Here is another example of malicious SQL input. This time we use batched statements to drop the Users table.
SELECT * FROM Shoes
WHERE shoe_id = 1;
DROP TABLE Users;
How to Protect Against SQL Injections
In the 2000s and 2010s these types of attacks were a substantial threat. However, today most static code scanners, such as Veracode, are able to detect these issues and flag them to software engineers. In my own software development work, I used Brakeman to assess the security of our Ruby on Rails applications. I added this code scanning tool to our CI/CD pipeline and this prevented code from being built and deployed into our environments before it passed through the scan. Additionally, many common web development frameworks and libraries automatically sanitize inputs to cleanse them of malicious commands.
For Ruby on Rails, the best practice is to use parameterized statements when querying the database from user inputs. The first query (unsafe) uses string interpolation to create a SQL query while the second example (safe) utilizes parameterization.
Unsafe query
Book.where("title = '%#{params[:title]}%'"
Safe query
Book.where("title = ?", params[:title])
Notable Attacks
Searching around, I found a few interesting examples of hackers exploiting these vulnerabilities.
- On October 1, 2012, a hacker group called “Team GhostShell” published the personal records of students, faculty, employees, and alumni from 53 universities including Harvard, Princeton, Stanford, Cornell, Johns Hopkins, and the University of Zurich on pastebin.com.

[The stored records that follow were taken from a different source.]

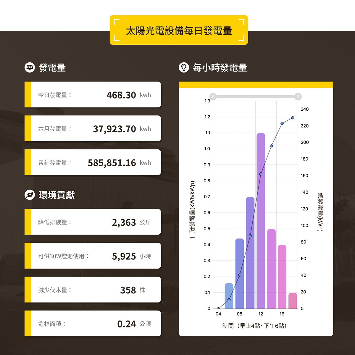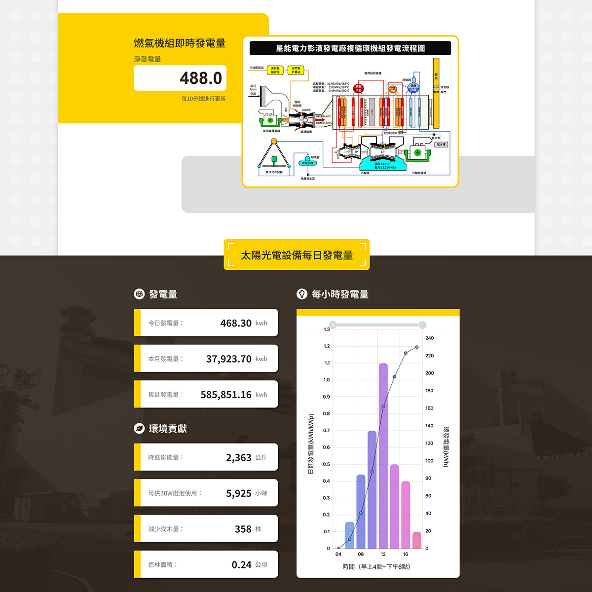 首頁資訊面板左側以 API 串接燃氣機組「即時發電量」,右側呈現可放大的機組流程圖,太陽光電「每日發電量」走 API 串接,與後台欄位對應,資料更新後即刻反應前台。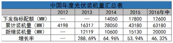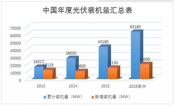 近期,太阳能行业咨询公司发布研究报告:预测2016年光伏装机量将高达76GW,而中国将以高达31GW的总装机量继续领跑全球光伏市场。而这也是中国自2013年以来,连续四年获得光伏装机总量的第一名。中国光伏企业在6月30日上网电价上调之前出现了抢装潮,仅2016年上半年装机量达到22GW,超过了2016年全年预设目标18.1GW。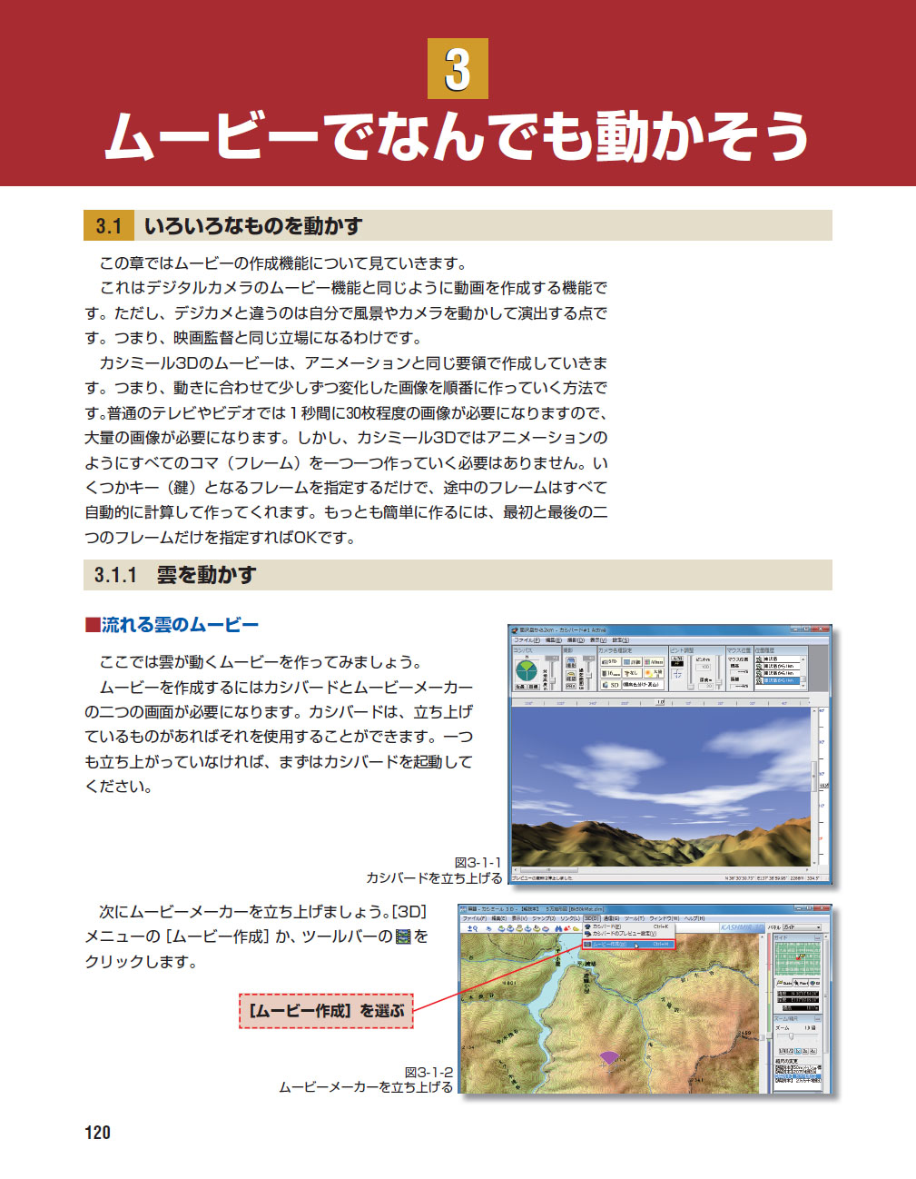 カシミール3Dの機能のうち、カシバード、ムービーメーカ、データ作成、各種地図の使用法など中心として、さらに細かい高度な機能に至るまで解説しています。

The hackers claimed that they were trying to “raise awareness towards the changes made in today’s education”, bemoaning changing education laws in Europe and increases in tuition in the United States
- In July 2012 a hacker group was reported to have stolen 450,000 login credentials from Yahoo!. The logins were stored in plain text and were allegedly taken from a Yahoo subdomain, Yahoo! Voices. The group breached Yahoo’s security by using a “union-based SQL injection technique”
- On March 27, 2011, www.mysql.com, the official homepage for MySQL, was compromised by a hacker using SQL blind injection (this seems ironic)

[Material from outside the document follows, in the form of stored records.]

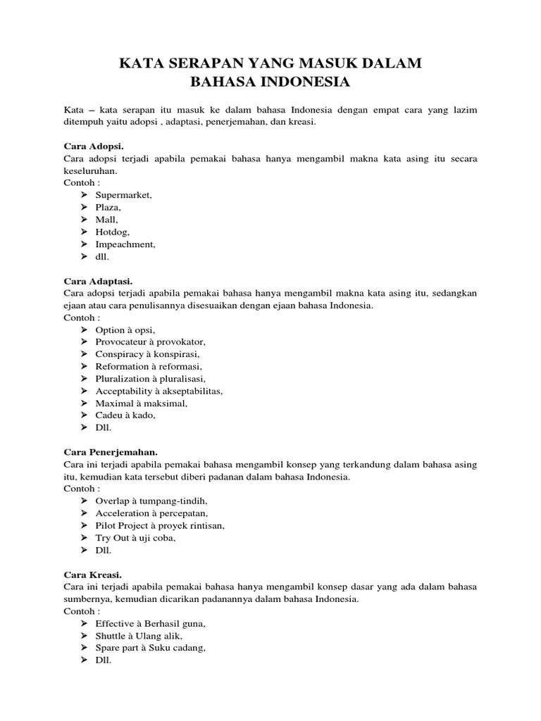 Setiap masyarakat bahasa memiliki tentang cara yang digunakan untuk mengungkapkan gagasan dan perasaan atau untuk menyebutkan atau mengacu ke benda benda di sekitarnya. Contoh kata serapan dan pengertiannya adopsi adaptasi pungutan kata serapan atau sering disebut juga dengan kata pungutan atau pinjaman adalah kata kata yang berasal dari bahasa asing yang telah terintegrasi ke dalam bahasa indonesia dan telah diterima luas oleh masyarakat umum. Contoh kata serapan juga dapat diambil dari bahasa bahasa negara lain kemudian diubah menjadi pengucapan bahasa indonesia.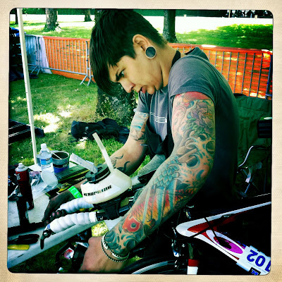 This weekend I will be at Blue Lake doing race support for the Rev3 Triathlon. Today we spent the day doing race tunes/check overs. Tomorrow we will be neutral support. It will be interesting to ride in a car while the race is right beside me. Then I get to jump out anytime there is a problem and do some quick fixin’. Uhhhh, yes…. It’s pretty bad ass. I was surprised to see how many people traveled far for this race. I am not familiar with Tri races so I didn’t really know this was a big deal. Who knew? I wasn’t the only one from our shops who went to represent. I brought the newest member to our family, Muck. He is wrenching over at our sister shop, Fat Tire Farm.Muck has had a lot of experience as a race mechanic and does the Hawaii Ironman every year, so it was great to have him to work with. My friend, Jason, also joined us and checked in bikes as they came and handled the general order of the repairs Muck and I had.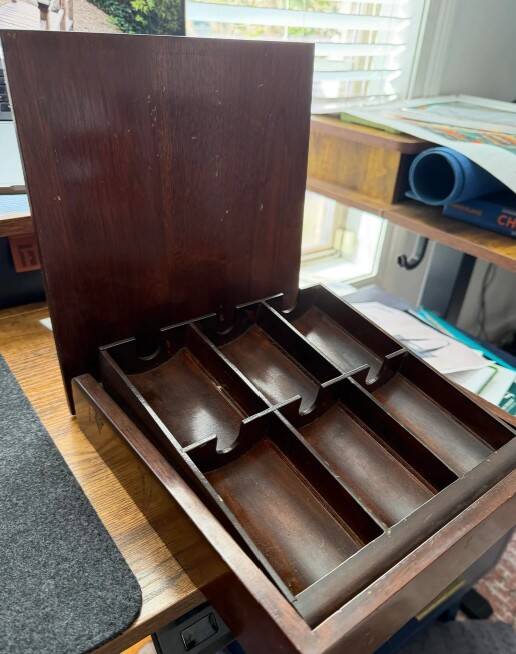 7. Нашли это среди старых вещей: деревянная коробка, когда крышка открывается, середина чуть приподнимается, а в каждом отделении выемка. Для чего это?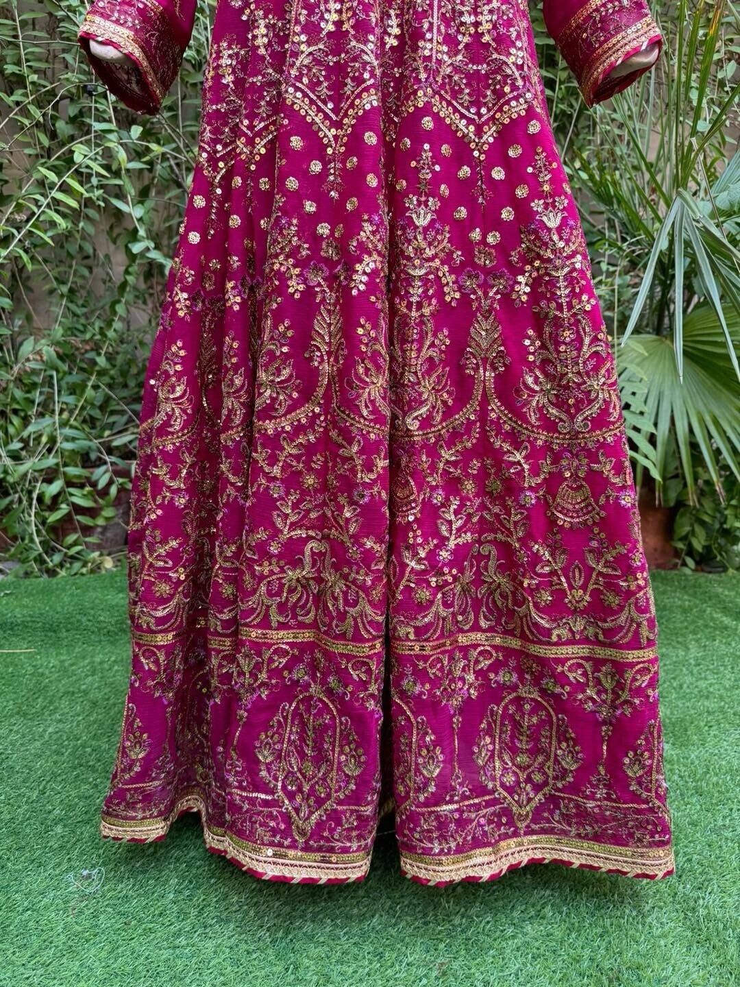 Pakistani Hot Pink Long Maxi Style Embroidered Sequins Chiffon Dress,L

- In February 2002, Jeremiah Jacks discovered that Guess.com was vulnerable to an SQL injection attack, permitting anyone able to construct a properly-crafted URL to pull down 200,000+ names, credit card numbers and expiration dates in the site’s customer database.
- A team of attackers used SQL injection to penetrate corporate systems at several companies, primarily the 7-Eleven retail chain, stealing 130 million credit card numbers.
How to Play Free Music
Circling back to the original story, apparently there is a method for hacking these jukeboxes. Unfortunately, it involves a remote and brute forcing the pin to break into the system and is probably beyond the scope of this post.